Grimm, a professor of ecology in the School of Life Sciences and senior sustainability scientist in the Julie Ann Wrigley Global Institute of Sustainability at Arizona State University, studies how climate change and human activities affect ecological processes in aquatic and urban ecosystems. Her ongoing research includes studies on the flow of nutrients through urban stormwater systems, the ecosystem services stormwater infrastructure provides and how climate change and variability impact the response of streams to disturbances like floods and droughts.

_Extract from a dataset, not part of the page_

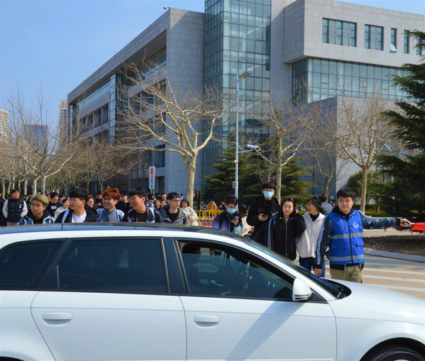 身着蓝马甲、挥舞小旗子、吹着口哨、立正站直,在人流量较大的南教楼路口和行政楼下,交通文明志愿者们做着早已熟记于心“标准动作”,指挥着来往的车辆和学生。海洋与空间信息学院2019级本科生崔宜德作为校园志愿服务岗的一员,已经“在职”两个月了,谈到两个月来的体会,他说:“两个月的值勤,虽然辛苦,但看到车内的老师、过往的学生向我们竖起大拇指的时候,觉得都值得了。志愿服务不仅是一个用劳动传递爱、收获爱的过程,也是在服务中不断提升自己的过程。”

Much of her research has been done at the Central Arizona-Phoenix Long-Term Ecological Research, or LTER, project, one of the few sites in the National Science Foundation-funded LTER system focused on urban ecosystems. Grimm has directed the interdisciplinary Central Arizona-Phoenix program since its founding in 1997, collaborating with engineers, hydrologists, anthropologists, geographers and others to explore how changing urban ecosystems affect human outcomes and how human behavior in turn alters ecosystem structure, function and sustainability.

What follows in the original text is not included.